Superior Energy Services Inc. Earnings Call Nuggets: CapEx Guidance, Labor
On Friday, Superior Energy Services Inc (NYSE:SPN) reported its first quarter earnings and discussed the following topics in its earnings conference call. Here’s what the C-suite revealed.
James West – Barclays Capital Management: Dave, on your new CapEx guidance, I’m understanding you’re taking out some of the lower or eliminating some of the projects that might been turned. Is there a geographic shift in CapEx as well? I guess, what I’m really trying to get at with this is, are you getting less optimistic about North America than were say three months ago?
David Dunlap – President and CEO: I mean, I think, I wouldn’t say that we’re significantly less optimistic than we were three months ago, but off the $100 million that we’ve reduced from the overall capital spend, the bulk of that is coming from the U.S., but the things, James, that we looked that weren’t contributing for 2012 and we have a number of items in there that are related to CapEx that are non-revenue producing and as what we have tried to do is just try and high side, high grade some of the investments overall, so that we get a bit more efficient with our overall capital spend and it’s an ongoing theme in the Company to try and high grade our overall investments.
James West – Barclays Capital Management: There is nothing like slowing down coiled tubing or drill piping in North America?
David Dunlap – President and CEO: Coiled tubing has not slowed down. We’re still aren’t backing, are taking the orders that we’ve put in place and fact is that we’re probably allocating a little bit more money toward drill pipe than what the original budget would have let us believe.
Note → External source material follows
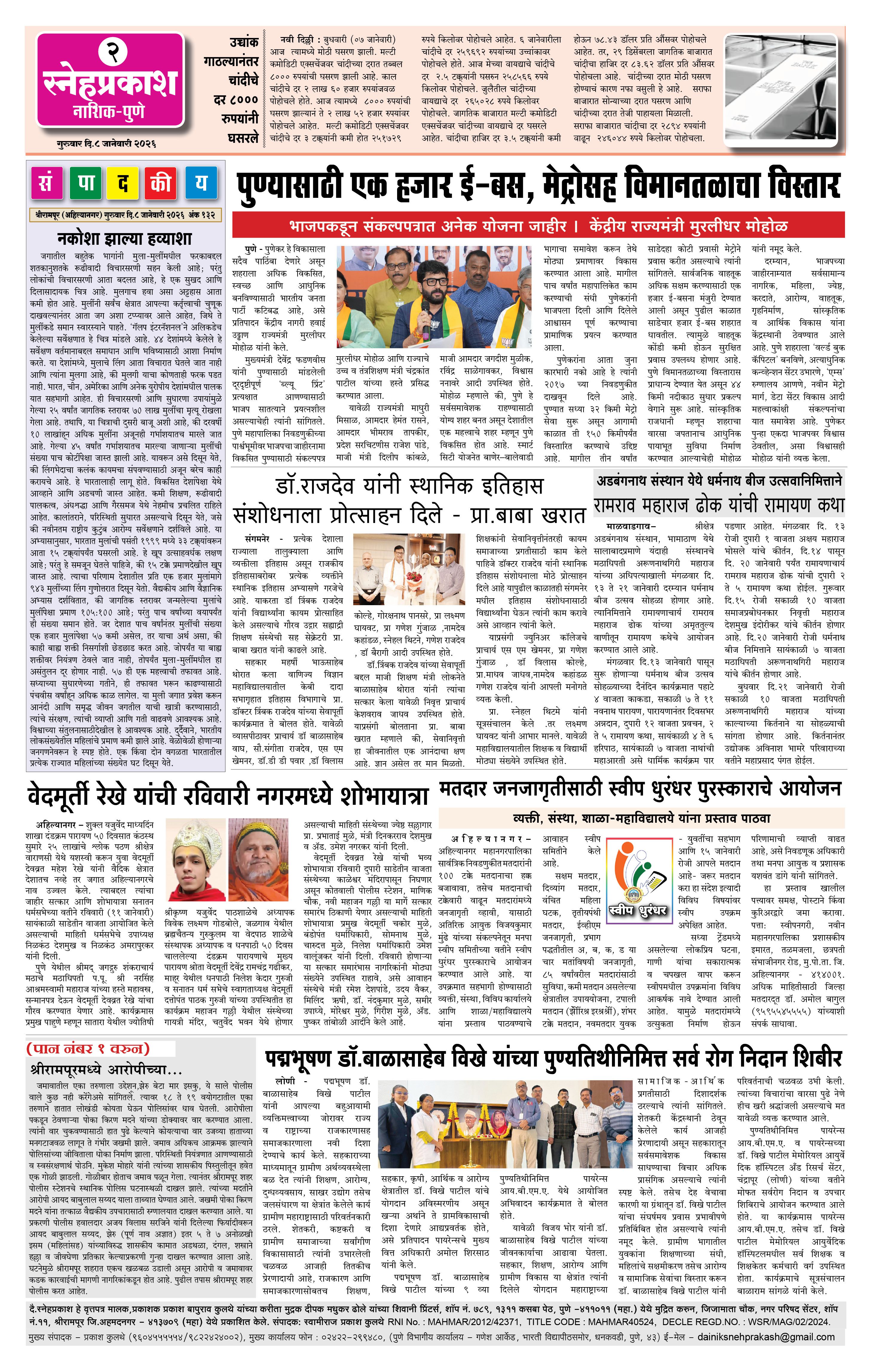 Daily Snehprakash (Marathi) Page: 2 January 08, 2026 ahilyanagar-pune-nashik-shrirampur-maharashtra 1 2 3 4 Page 1Page 2Page 3Page 4 × Daily Snehprakash (Marathi) 1-41-421-431-44 << First << 2 >> Last >> Page no 1Page no 2Page no 3Page no 4

James West – Barclays Capital Management: Fair enough and then just a follow-up for me on the Gulf of Mexico, we obviously have a large number of deepwater rigs running today. We’re going to be probably above pre-Macondo levels perhaps by the end of this year. Has your market share on drill pipe shifted at all or do you still dominate the drill pipe business and then are you seeing the benefits also of the businesses you acquired from Baker, the sand control business?
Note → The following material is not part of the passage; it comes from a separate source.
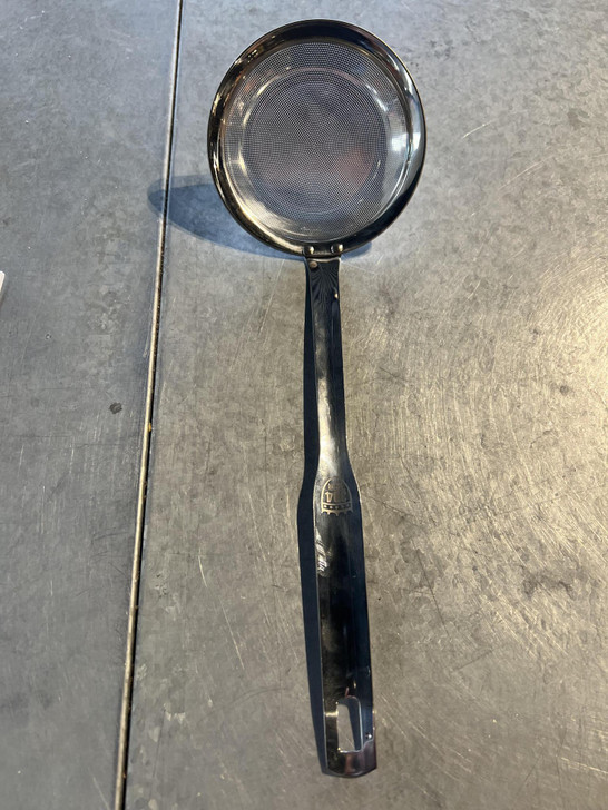 The skimmer is made from 304 stainless steel with ergonomic handle for fast, easy and complete separation of the floating fat, grease, foam or scum from your favorite broths, soups and stews.
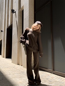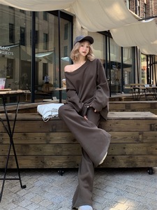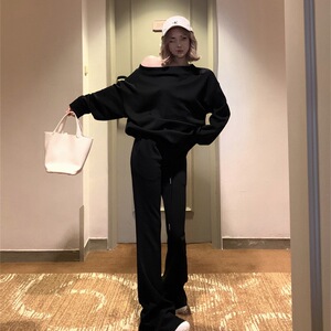 春秋穿搭美式卫衣女chic韩系休闲百搭慵懒风宽松长袖斜肩露肩上衣

David Dunlap – President and CEO: I wouldn’t characterize at all as drill pipe on those deepwater rigs. We had a very high share of rental equipment on the 33 rigs that we’re drilling pre-Macondo and by all measures our market share is holding to be about the same as the rig resurface. It’s not all drill pipe, its bottom hole assemblies and stabilizers and it’s in some cases its surface related rentals, but our share seems to be holding strong there. On the completion side of the business, we expect as the market continues to return to pre-Macondo levels that we’ll have a market share in that business that’s consistent with what that product line experienced in the past prior to acquiring?
James Rollyson – Raymond James: Great quarter. I’ll make sure and send some cupcakes your way. One of your competitors noted issues on the labor front, availability, turnover, etcetera, on the coil tubing side of the business, just I guess because things have been so strong and everyone has been adding equipment, kind of curious to how you guys are managing through that given the market strength and capacity adds, and just kind of how you have been seeing that going on?
David Dunlap – President and CEO: Labor has been the big problem in being able to grow out the coil tubing business. What we have done is we’ve taken an approach to capital additions in coil tubing that were within the compounds of what we felt comfortable with from a labor standpoint. We could have added a lot more coil tubing units last year, we could probably add more coil tubing units than what we budgeted this year, but our constraint by what we see is, our ability to add the quality labor that we want to have. To this point we have been able to add the labor and we have got people in the pipeline that are being trained for units that are coming out and seem to be holding pretty good from that front, but the challenge is not – you had knew that challenge has been there for at least the last six quarters for us and I just think we managed it fine.
James Rollyson – Raymond James: Just kind of one follow-up related to pressure pumping. You mentioned your position is from a contracted standpoint and being a smaller piece of your business, remind us for one, what percent of the business that will end up being in terms of revenues this year? Number two, where you stand on percentage of your fleet that’s contracted this year and into next?
David Dunlap – President and CEO: It’s about 24% of our overall U.S. revenue and it’s about 60% contracted. Our first contracts expire beginning in the summer of 2013, so we’re pretty well set on contracts through 2012.